ACLU attorney Michael Risher opened his argument on Tuesday by evoking the compelling image of a registrant who wishes to make an anonymous critical comment about his local police department on the online comment section of his local newspaper, “His speech will be chilled knowing that the police has his online identities down at the station.”

The state emphasized that registering the online identities of registrants is a necessary step to modernize registries currently maintained by local police departments. Drawing parallels between the virtual and physical worlds, attorneys explained that maintaining a database of the Internet identities of registrants would allow police to respond more efficiently in the case of a child abduction and ensured the court that the Internet information would remain confidential. Attorney Robert Wilson dismissed the claim that police could monitor Internet activity of registrants, explaining that police departments' resources are already spread too thin.

However, whether in protecting the public’s safety the law is justified in targeting “sex offenders”— a broad category that can include teens engaged in consensual sex, those convicted of public urination, and numerous others as stated in the plaintiffs' original complaint— has yet to be established.

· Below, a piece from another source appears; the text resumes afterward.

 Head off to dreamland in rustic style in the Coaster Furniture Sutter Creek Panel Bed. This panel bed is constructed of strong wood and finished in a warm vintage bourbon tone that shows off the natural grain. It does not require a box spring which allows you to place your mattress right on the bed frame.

Contrary to what the state suggests, there is little evidence that the Internet is used to facilitate sex crime or exploitation. According to a declaration submitted by David Finkelhor, the director of the Crimes against Children Research Center and professor of sociology at the University of New Hampshire, sex crimes against children facilitated by technology constitute only one percent of all sex crimes committed against children; and of those arrested for technology-facilitated crimes against youth, only four percent are registered sex offenders. Between 2000 and 2010, there was a 50 percent decline in all unwanted sexual solicitations on the Internet. These statistics were published by two studies, the Youth Internet Safety Survey and the National Juvenile Online Victimization, sponsored by the US Department of Justice Office of Juvenile Justice and Delinquent Prevention.

According to Hanni Fakhoury, nothing in the law limits police from only using the information they collect exclusively for responses to emergencies. “The law's stated intention is to prevent crime — so the only way to employ this information to that end is to conduct aggressive and proactive surveillance,” he told AlterNet.

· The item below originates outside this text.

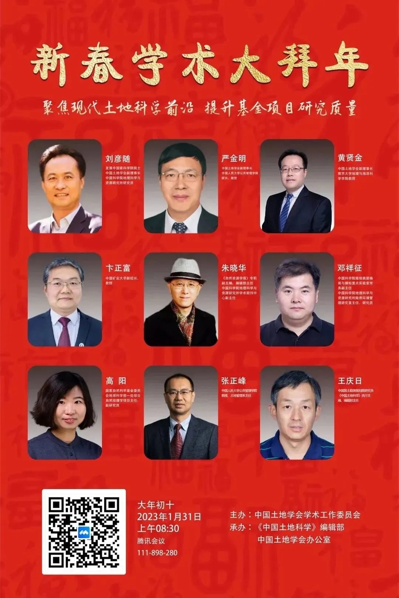 本网讯   为进一步加强科研学术交流,提升国家基金申报质量,1月31日,公管学院组织师生线上参加“聚焦现代土地科学前沿 提升基金项目研究质量”新春学术大拜年活动。活动由中国土地学会学术工作委员会主办,《中国土地科学》编辑部、中国土地学会办公室承办。学院土管系教师、土地科学研究领域国家基金申报者和公共管理硕士研究生参加活动。

Speaking to AlterNet, Daphne Phung, the executive director of Californians Against Slavery and the lead advocate for Proposition 35, defended the law as a negligible and fair burden on registrants, “You might think this is too broad, but convicted sex offenders have forfeited certain privileges in society, and this is one of these privileges. Just like when there are physical registration requirements and a sex offender knows that he or she is being monitored or there is capability of being monitored, it gives them that realization that they have to be more cautious.”

Sex offenders have been required to register with the police since 1947 in California. In 1997, California passed its version of Megan's Law, making registries public. Public registries are justified as providing people with the ability to protect themselves from convicted sex offenders. As such, registries are not considered punishment and have withstood ex post facto challenges. In 2003, the public registry sustained a constitutional challenge in the Supreme Court, which ruled that registries were not punitive measures, crucially allowing for seemingly endless new laws and restrictions to be introduced and retroactively apply to the entirety of the registry.